Holt grilled Lynch on the directive Comey claimed that he received, how she reacted and what really happened. According to Lynch, it was a meeting like any other and "concerns were not raised" by Comey.





"Comey says you wanted to call it the 'Clinton matter,' he wants to call it the Clinton investigation. To the extent though that he noted it, that it bothered him, did he go to you and question your credibility with regard to the Clinton case?" Holt asked the former AG.

"I can tell you though that it was a meeting like any other that we had, where we talked about the issues," Lynch answered.
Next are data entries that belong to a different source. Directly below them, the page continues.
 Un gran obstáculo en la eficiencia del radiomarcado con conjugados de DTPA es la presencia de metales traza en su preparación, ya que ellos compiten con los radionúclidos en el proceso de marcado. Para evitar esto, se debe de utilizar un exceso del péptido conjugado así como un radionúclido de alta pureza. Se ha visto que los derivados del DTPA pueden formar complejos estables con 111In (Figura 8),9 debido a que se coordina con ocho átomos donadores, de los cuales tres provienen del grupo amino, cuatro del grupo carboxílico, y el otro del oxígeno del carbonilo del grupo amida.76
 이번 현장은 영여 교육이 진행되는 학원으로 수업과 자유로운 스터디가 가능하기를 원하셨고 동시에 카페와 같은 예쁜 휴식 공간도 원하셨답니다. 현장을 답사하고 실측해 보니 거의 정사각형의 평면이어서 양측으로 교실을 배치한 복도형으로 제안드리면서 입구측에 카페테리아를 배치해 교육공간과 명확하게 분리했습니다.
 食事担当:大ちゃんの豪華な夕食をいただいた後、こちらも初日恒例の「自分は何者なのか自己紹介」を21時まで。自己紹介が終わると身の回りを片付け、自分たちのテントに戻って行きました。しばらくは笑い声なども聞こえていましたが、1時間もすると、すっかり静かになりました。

We had a full and open discussion about it."

"He didn't raise any concerns about it?" Holt asked.

"Concerns were not raised," she said.

LESTER HOLT, NBC NEWS: James Comey was testifying before Congress in June of last year and he had noted that you had asked him to call the Clinton probe a 'matter,' not an investigation. But he said it made him feel -- I'm paraphrasing -- it made him feel strange. He noted it. What did you mean when you said, 'Let's call it a matter and not an investigation?'

LORETTA LYNCH, FMR. U.S. ATTORNEY GENERAL: Well, I had heard about that testimony. I didn't watch it at the time. But it was brought to my attention later and people were raising it to me and my first response was where -- what was the issue here? I remember specifically talking to him, as we talked about sensitive things on a number of occasions. We often would have to discuss sensitive matters, sensitive issues, terrorism and the like, you know, terrorism policy and the like.

This was a very sensitive investigation as everyone knew. And the issue when he and I sat down at that time, which I think was early in the fall of 2015, was whether or not we were ready as a Department to confirm an investigation going on, when we typically do not confirm or deny investigations into anything with rare exceptions.
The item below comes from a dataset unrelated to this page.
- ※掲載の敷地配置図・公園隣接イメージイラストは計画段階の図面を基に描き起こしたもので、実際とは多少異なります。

HOLT: But Comey says you wanted to call it the 'Clinton matter,' he wants to call it the Clinton investigation. To the extent though that he noted it, that it bothered him, did he go to you and question your credibility with regard to the Clinton case?

LYNCH: I can tell you though that it was a meeting like any other that we had, where we talked about the issues. We had a full and open discussion about it.

HOLT: He didn't raise any concerns about it?

LYNCH: Concerns were not raised.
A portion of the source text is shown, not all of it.